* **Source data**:

<<<<

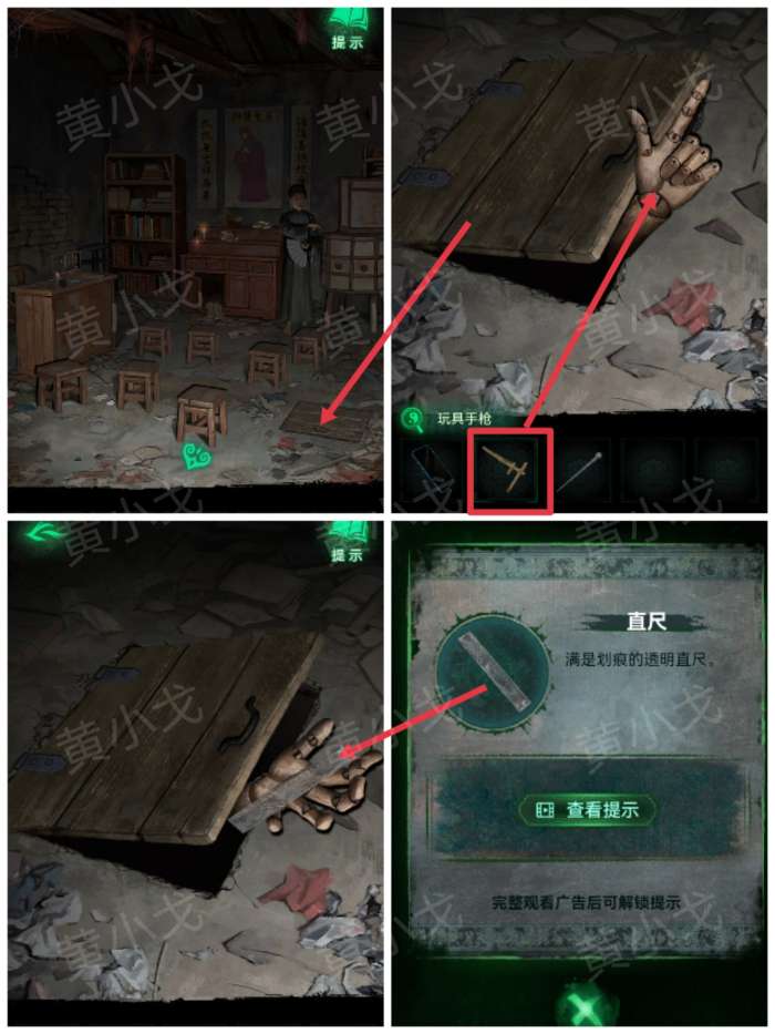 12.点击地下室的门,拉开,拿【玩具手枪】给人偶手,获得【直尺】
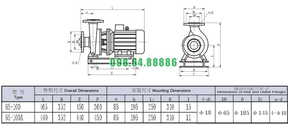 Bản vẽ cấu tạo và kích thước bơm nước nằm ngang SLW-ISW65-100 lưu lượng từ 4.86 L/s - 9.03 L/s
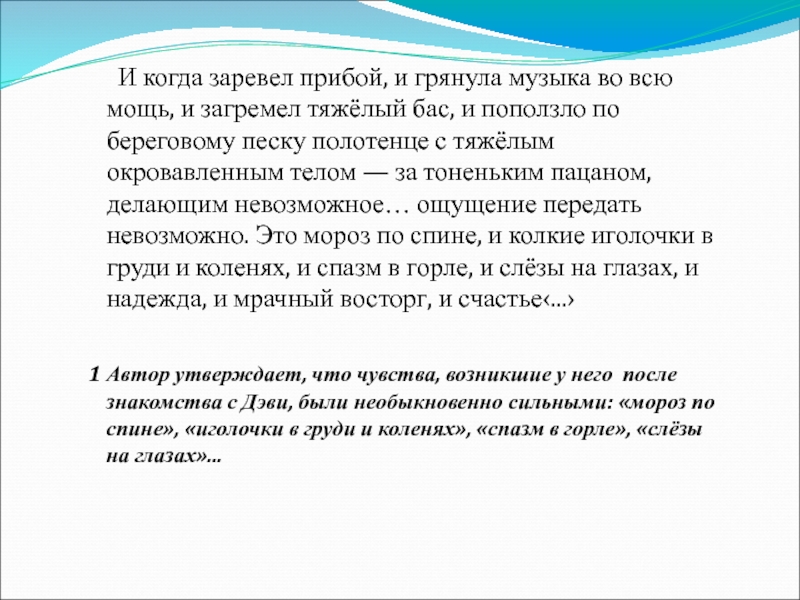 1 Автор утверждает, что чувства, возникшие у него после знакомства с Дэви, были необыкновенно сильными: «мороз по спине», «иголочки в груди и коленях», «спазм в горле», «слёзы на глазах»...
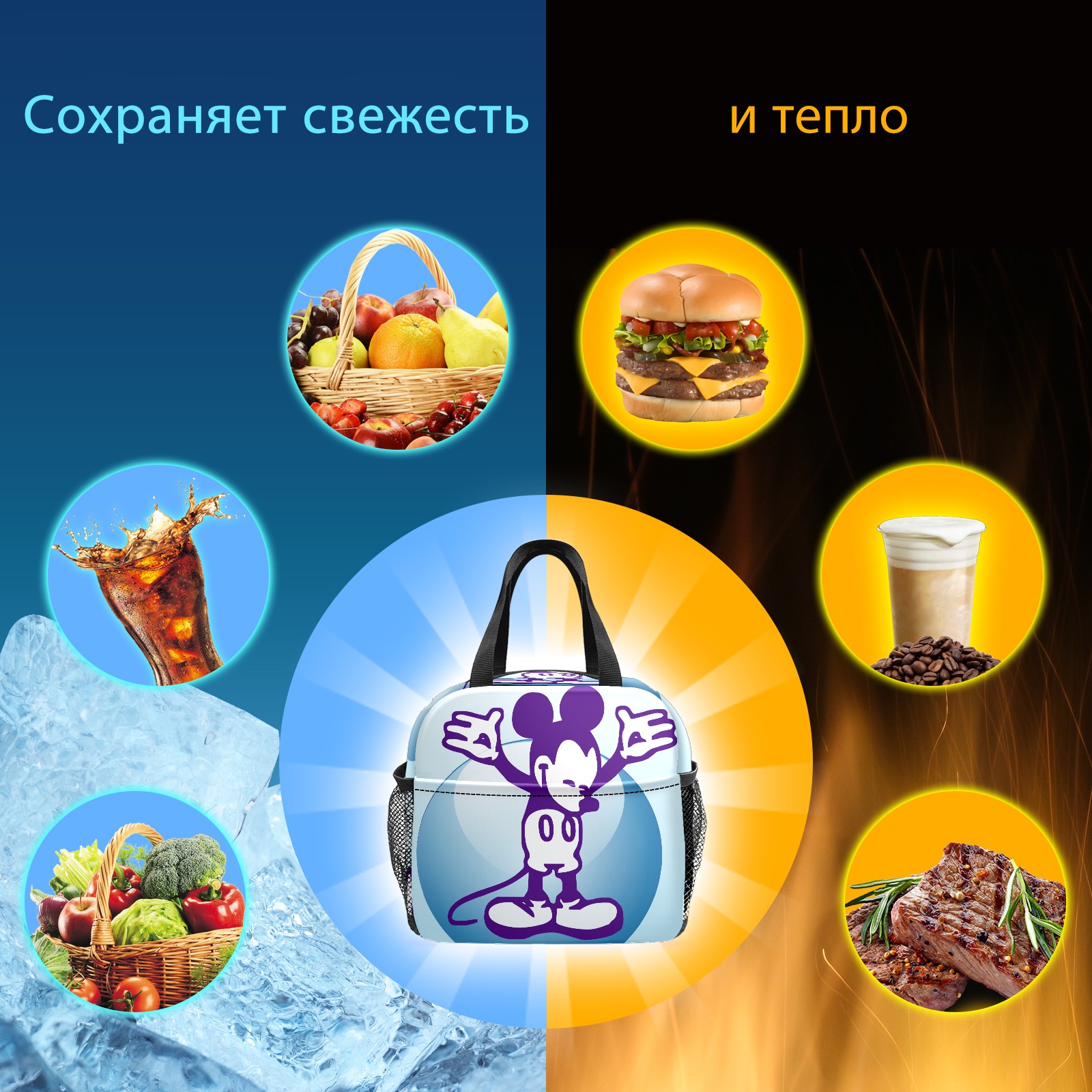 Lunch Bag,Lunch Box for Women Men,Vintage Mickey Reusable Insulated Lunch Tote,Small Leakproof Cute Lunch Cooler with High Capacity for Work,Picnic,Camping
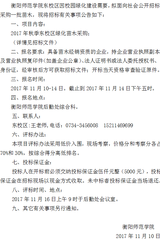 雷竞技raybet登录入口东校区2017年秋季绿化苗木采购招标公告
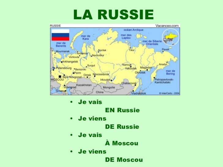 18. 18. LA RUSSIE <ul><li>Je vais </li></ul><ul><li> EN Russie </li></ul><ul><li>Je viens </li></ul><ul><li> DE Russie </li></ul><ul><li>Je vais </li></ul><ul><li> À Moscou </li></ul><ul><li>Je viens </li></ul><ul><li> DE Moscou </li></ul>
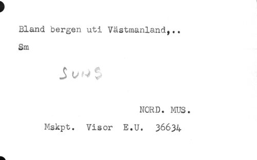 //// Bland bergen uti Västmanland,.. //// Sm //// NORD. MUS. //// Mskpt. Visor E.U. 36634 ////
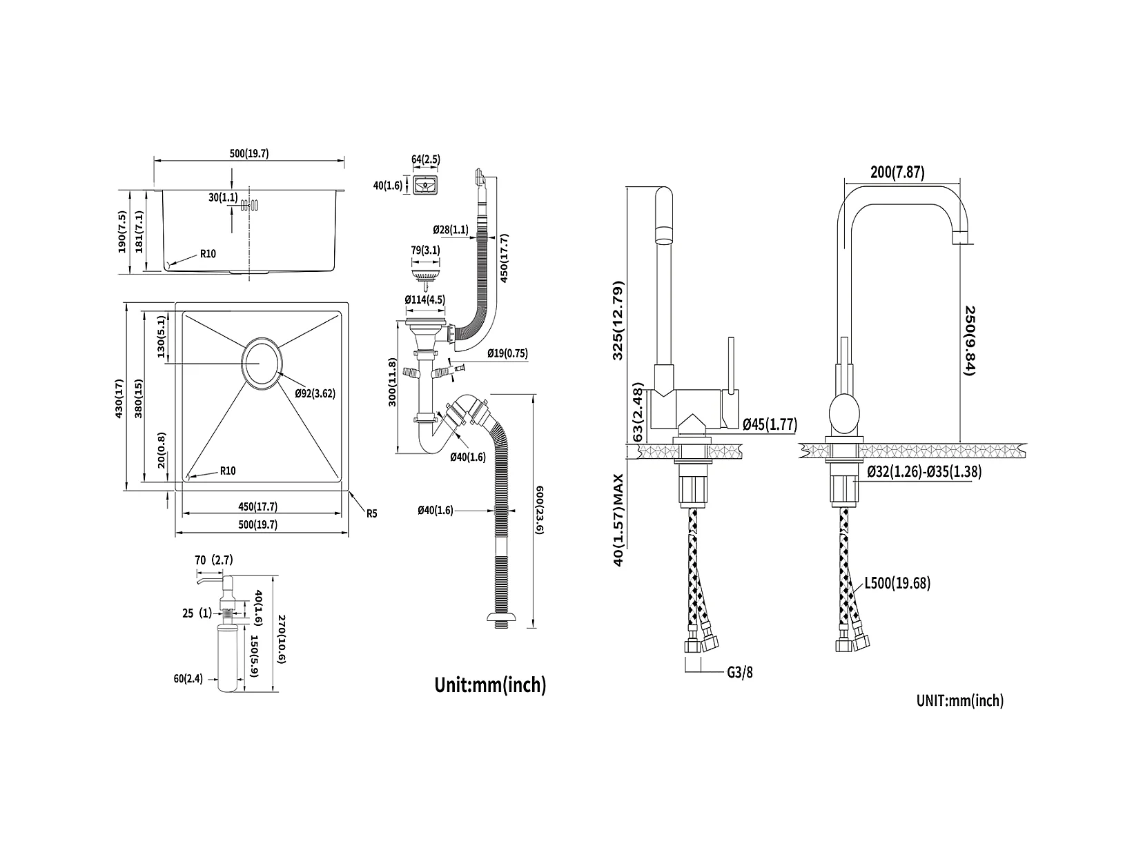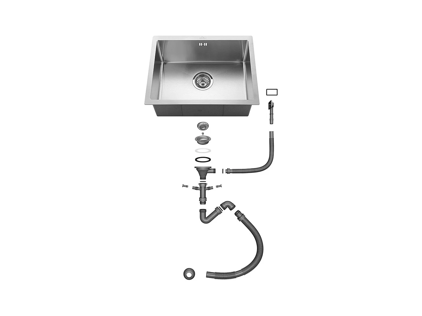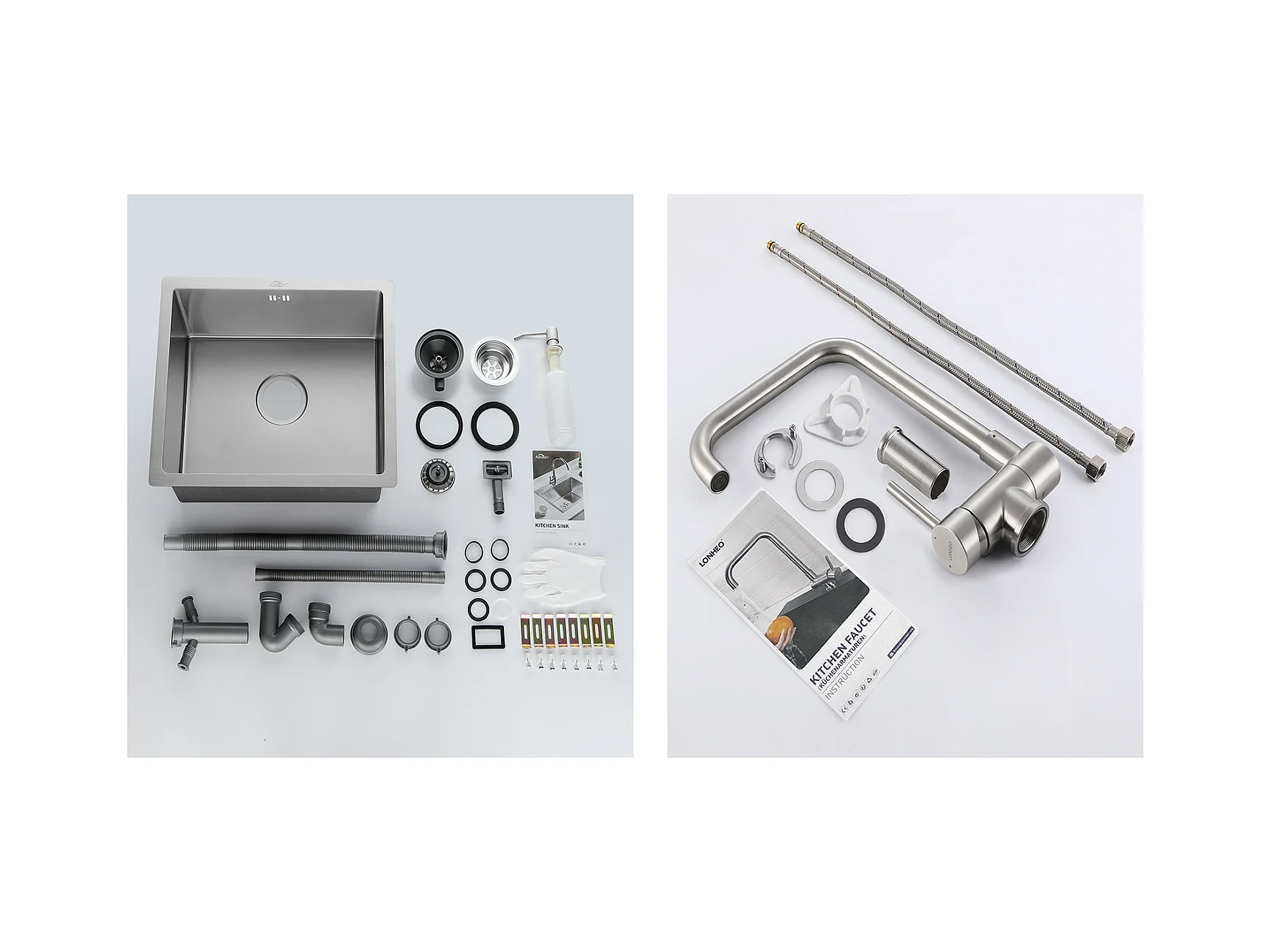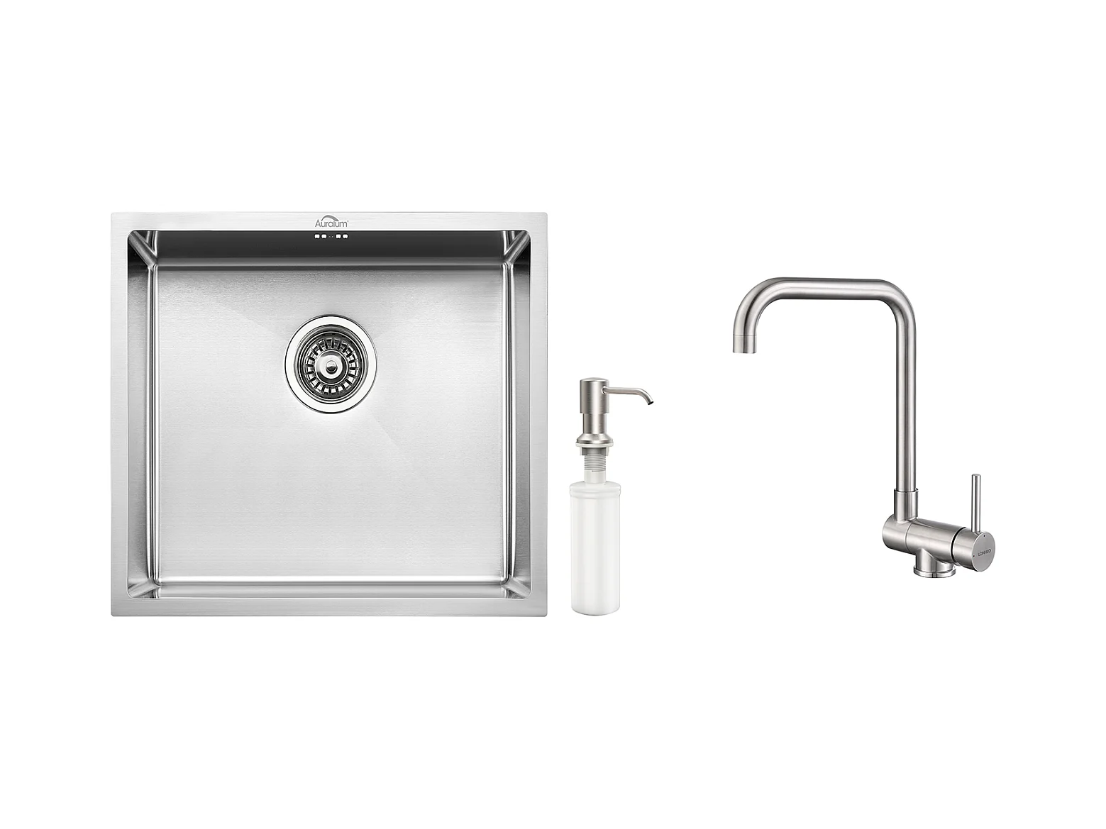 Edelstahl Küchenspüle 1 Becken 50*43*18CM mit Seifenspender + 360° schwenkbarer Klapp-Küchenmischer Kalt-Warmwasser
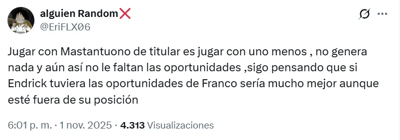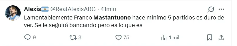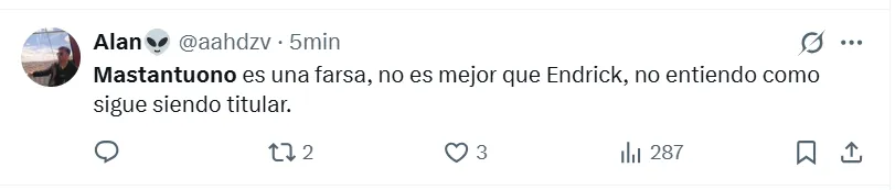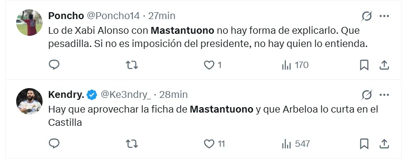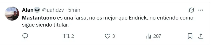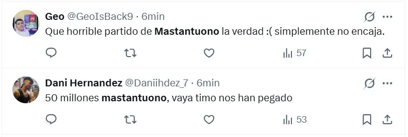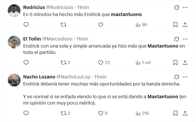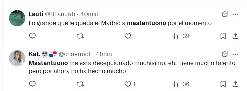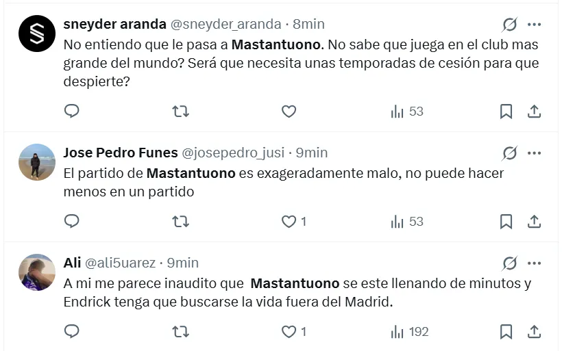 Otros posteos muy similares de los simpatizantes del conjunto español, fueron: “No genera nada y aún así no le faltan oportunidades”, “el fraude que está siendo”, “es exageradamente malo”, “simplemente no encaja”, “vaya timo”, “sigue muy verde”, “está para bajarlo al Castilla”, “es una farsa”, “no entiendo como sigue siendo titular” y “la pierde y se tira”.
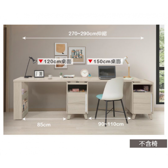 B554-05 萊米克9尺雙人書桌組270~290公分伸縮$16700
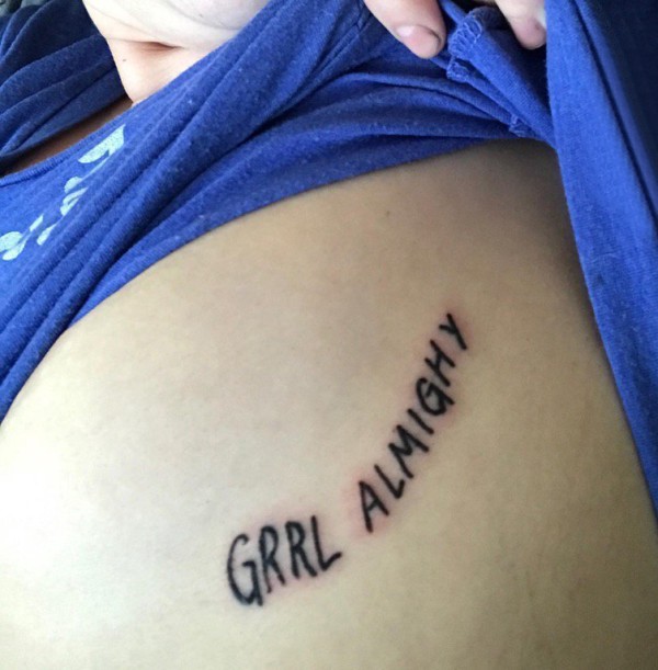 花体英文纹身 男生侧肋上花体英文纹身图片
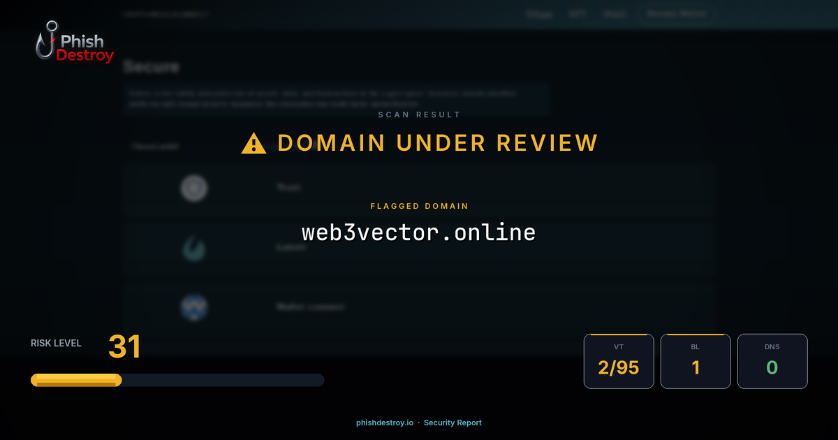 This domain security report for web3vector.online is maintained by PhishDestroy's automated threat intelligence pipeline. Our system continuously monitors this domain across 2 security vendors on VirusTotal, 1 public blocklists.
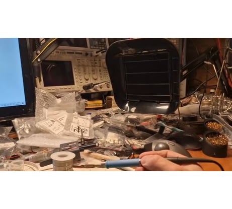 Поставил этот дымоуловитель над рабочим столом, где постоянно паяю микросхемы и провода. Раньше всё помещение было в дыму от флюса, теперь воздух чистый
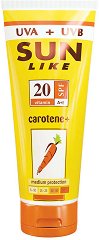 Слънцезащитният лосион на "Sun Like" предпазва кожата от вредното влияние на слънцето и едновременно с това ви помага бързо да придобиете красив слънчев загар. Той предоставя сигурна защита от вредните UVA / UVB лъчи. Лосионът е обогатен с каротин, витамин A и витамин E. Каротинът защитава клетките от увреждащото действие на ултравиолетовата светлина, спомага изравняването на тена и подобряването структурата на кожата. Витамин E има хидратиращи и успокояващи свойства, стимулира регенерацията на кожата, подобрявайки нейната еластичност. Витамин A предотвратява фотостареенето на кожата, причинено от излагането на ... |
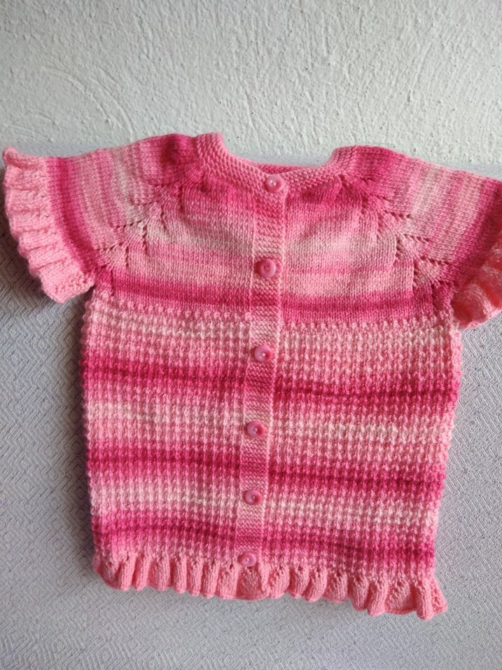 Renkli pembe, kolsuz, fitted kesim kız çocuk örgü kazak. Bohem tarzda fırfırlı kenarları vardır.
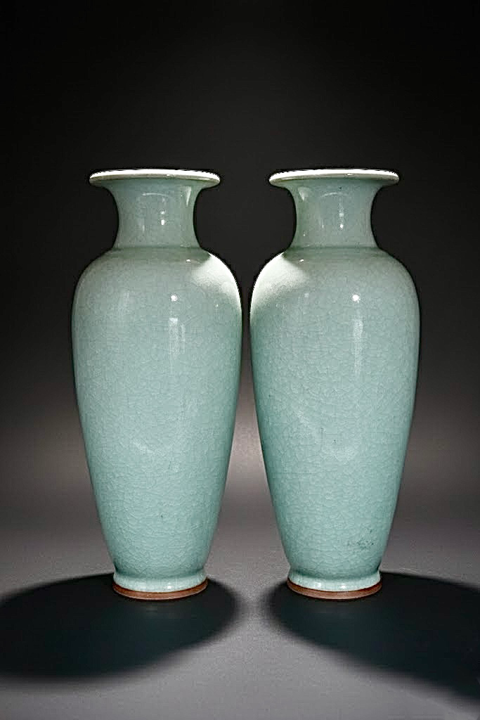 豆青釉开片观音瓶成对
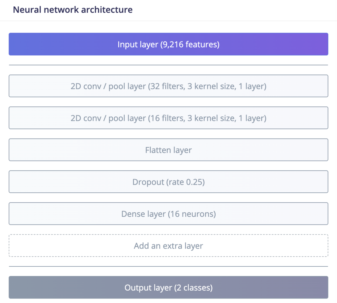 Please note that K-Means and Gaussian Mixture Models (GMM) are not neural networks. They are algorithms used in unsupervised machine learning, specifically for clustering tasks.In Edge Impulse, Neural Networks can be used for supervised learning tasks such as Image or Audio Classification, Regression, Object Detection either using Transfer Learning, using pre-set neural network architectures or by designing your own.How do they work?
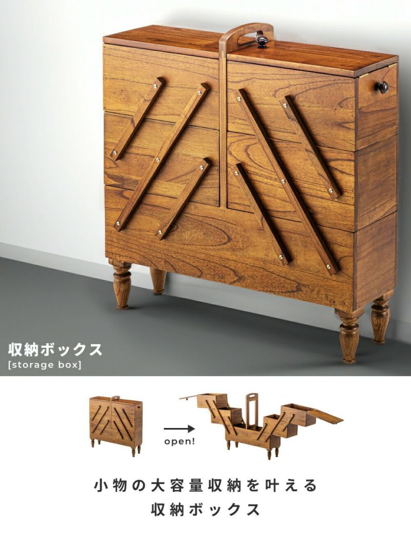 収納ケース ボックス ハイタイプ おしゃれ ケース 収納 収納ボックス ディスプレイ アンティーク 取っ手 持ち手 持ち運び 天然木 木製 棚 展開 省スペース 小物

>>>>

* **Work instruction**: Could you set down verbatim the lines from the beginning of the entries above through the line containing "Edelstahl Küchenspüle 1", both included, leaving out the pictures?

* **Result of this task**:
 12.点击地下室的门,拉开,拿【玩具手枪】给人偶手,获得【直尺】
 Bản vẽ cấu tạo và kích thước bơm nước nằm ngang SLW-ISW65-100 lưu lượng từ 4.86 L/s - 9.03 L/s
 1 Автор утверждает, что чувства, возникшие у него после знакомства с Дэви, были необыкновенно сильными: «мороз по спине», «иголочки в груди и коленях», «спазм в горле», «слёзы на глазах»...
 Lunch Bag,Lunch Box for Women Men,Vintage Mickey Reusable Insulated Lunch Tote,Small Leakproof Cute Lunch Cooler with High Capacity for Work,Picnic,Camping
 雷竞技raybet登录入口东校区2017年秋季绿化苗木采购招标公告
 18. 18. LA RUSSIE <ul><li>Je vais </li></ul><ul><li> EN Russie </li></ul><ul><li>Je viens </li></ul><ul><li> DE Russie </li></ul><ul><li>Je vais </li></ul><ul><li> À Moscou </li></ul><ul><li>Je viens </li></ul><ul><li> DE Moscou </li></ul>
 //// Bland bergen uti Västmanland,.. //// Sm //// NORD. MUS. //// Mskpt. Visor E.U. 36634 ////
 Edelstahl Küchenspüle 1 Becken 50*43*18CM mit Seifenspender + 360° schwenkbarer Klapp-Küchenmischer Kalt-Warmwasser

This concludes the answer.